Table 1 (genotype 1) and Table 2 (genotype 2) show the baseline characteristics of the enrolled patients, who were further classified into four groups according to age and genotype status: group A, genotype 1 aged less than 65 years (n = 685); group B, genotype 1 aged 65 years or older (n = 253); group C, genotype 2 aged less than 65 years (n = 252); and group D, genotype 2 aged 65 or older (n = 61). In group B, body mass index, prior combined IFN plus RBV treatment, alanine aminotransferase, albumin, white blood cell count, hemoglobin, platelet count, and creatinine clearance calculated using the Modification of Diet in Renal Disease equation[15] were significantly lower than in group A (P < 0.010). In group D, albumin, hemoglobin, platelet count, creatinine clearance and serum HCV RNA level were significantly lower than in group C (P < 0.010). The percentage of patients with platelet counts below 10 × 1010/L was significantly higher in group B (36 of 253, 14.2%) than in group A (56 of 685, 8.2%) (P = 0.006), however, there was no significant difference between group C (16 of 252, 6.3%) and group D (7 of 61, 11.5%).

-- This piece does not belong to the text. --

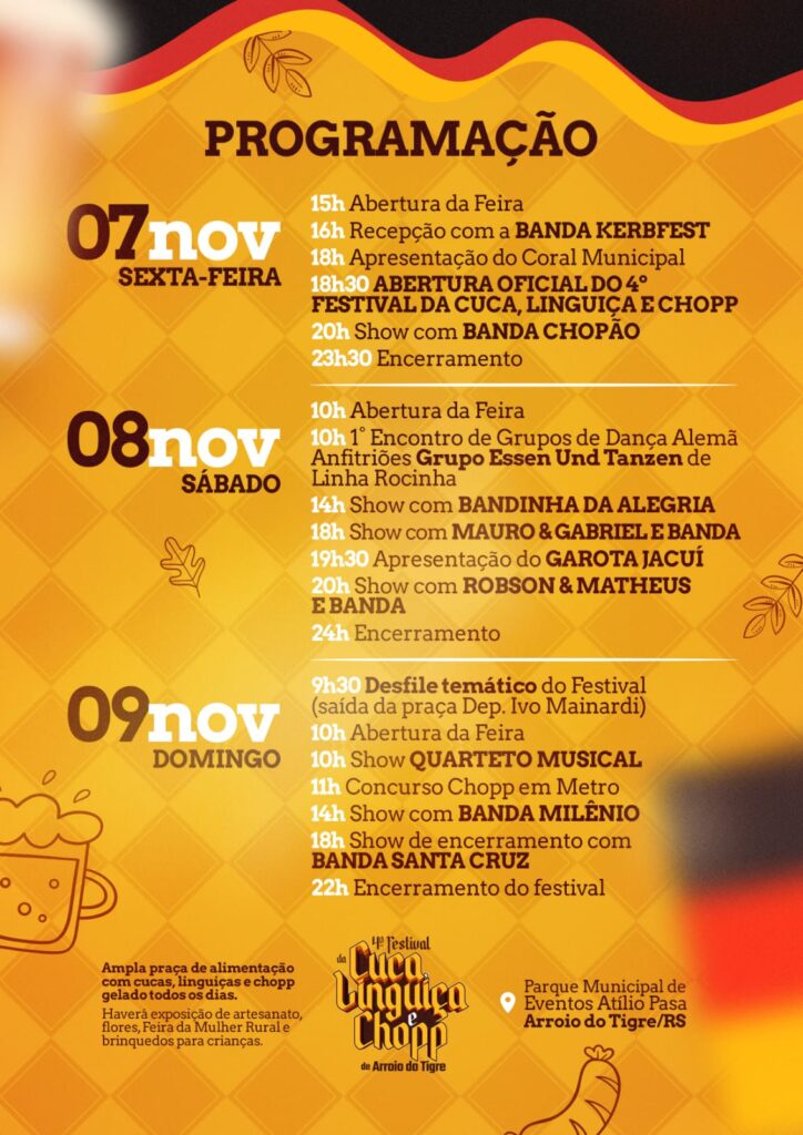 Vem aí o 4º Festival da Cuca, Linguiça e Chopp de Arroio do Tigre! O evento acontece nos dias 7, 8 e 9 de novembro, no Parque Municipal de Eventos Atílio Pasa. A programação inicia na sexta-feira, dia 7, com a abertura da feira às 15 horas. Na sequência, recepção com a Banda Kerbfest, seguida de apresentação do Coral Municipal. A abertura oficial do festival ocorre às 18 horas e 30 minutos, e a noite encerra com show da Banda Chopão.
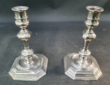 in the Queen Anne style with faceted knopped stem, and on stepped square base, Thomas Bradbury & Son, London 1894, height: 17 cm. Weight: 492 gm. -

Group A (age < 65 yr) (n = 685) | Group B (age≥65 yr) (n = 253) | P-value | |
Age (yr) | 53.1 ± 8.9 | 68.6 ± 3.1 | < 0.001 |
Male/female | 374/311 | 122/131 | 0.090 |
Body mass index (kg/m2) | 23.7 ± 3.3 | 22.8 ± 2.7 | < 0.001 |
Prior IFN monotherapy, n (%) | 163 (23.8) | 76 (30.0) | 0.052 |
Prior combined IFN plus RBV treatment, n (%) | 51 (7.4) | 20 (7.9) | < 0.001 |
Alanine aminotransferase (IU/L) | 80.2 ± 62.0 | 67.9 ± 46.6 | 0.004 |
γ-glutamyltranspeptidase (IU/L) | 60.2 ± 56.6 | 57.1 ± 49.2 | 0.708 |
Albumin (g/dL) | 4.1 ± 0.4 | 4.0 ± 0.4 | < 0.001 |
White blood cell count (/mm3) | 5200.0 ± 1476.7 | 4756.3 ± 1458.9 | < 0.001 |
Hemoglobin (g/dL) | 14.1 ± 1.4 | 13. 5 ± 1.4 | < 0.001 |
Platelet count (109/L) | 16.6 ± 5.3 | 15.0 ± 5.2 | < 0.001 |
Creatinine (mg/dL) | 0.7 ± 0.6 | 0.8 ± 1.4 | 0.107 |
Creatinine clearance (mL/min) | 105.5 ± 28.7 | 75.8 ± 17.5 | < 0.001 |
Serum HCV-RNA level (kIU/mL) | 1776.1 ± 1500.0 | 1986.9 ± 1604.5 | 0.125 |
Histological fibrosis | 0.008 | ||
F0/F1/F2/F3/F4 | 36/155/121/61/30 | 9/46/49/31/17 |
Group C (age < 65 yr) (n = 252) | Group D (age≥65 yr) (n = 61) | P-value | |
Age (yr) | 47.7 ± 10.4 | 69.2 ± 3.4 | < 0.001 |
Male/female | 124/128 | 28/33 | 0.671 |
Body mass index (kg/m2) | 23.1 ± 3.5 | 22.8 ± 2.9 | 0.577 |
Prior IFN monotherapy, n (%) | 47 (18.7) | 16 (26.2) | < 0.001 |
Prior combined IFN plus RBV treatment, n (%) | 5 (2.0) | 4 (6.6) | 0.056 |
Alanine aminotransferase (IU/L) | 79.9 ± 78.7 | 68.9 ± 52.9 | 0.821 |
γ-glutamyltranspeptidase (IU/L) | 55.8 ± 64.7 | 44.3 ± 34.7 | 0.937 |
Albumin (g/dL) | 4.2 ± 0.4 | 3.9 ± 0.5 | < 0.001 |
White blood cell count (/mm3) | 5276.3 ± 1636.3 | 4958.0 ± 1495.6 | 0.005 |
Hemoglobin (g/dL) | 14.1 ± 1.4 | 13.4 ± 1.3 | < 0.001 |
Platelet count (109/L) | 18.9 ± 6.3 | 15.6 ± 4.7 | < 0.001 |
Creatinine (mg/dL) | 0.8 ± 1.5 | 0.7 ± 0.2 | 0.581 |
Creatinine clearance (mL/min) | 112.1 ± 31.4 | 74.6 ± 17.2 | < 0.001 |
Serum HCV-RNA level (kIU/mL) | 1588.3 ± 1628.7 | 1195.4 ± 1645.5 | 0.038 |
Histological fibrosis | < 0.001 | ||
F0/F1/F2/F3/F4 | 30/77/39/10/10 | 1/21/9/2/12 |
Liver biopsy was performed in 555 patients (59.2%) with genotype 1 and 209 patients (66.8%) with genotype 2. The other patients refused liver biopsy. Fibrosis was staged on a 0-4 scale as follows: F0 = no fibrosis, F1 = portal fibrosis without septa, F2 = portal fibrosis with few septa, F3 = numerous septa without cirrhosis, F4 = cirrhosis. Liver fibrosis was more advanced in group B than in group A and was more advanced in group D than in group C (P = 0.008, P < 0.001, respectively).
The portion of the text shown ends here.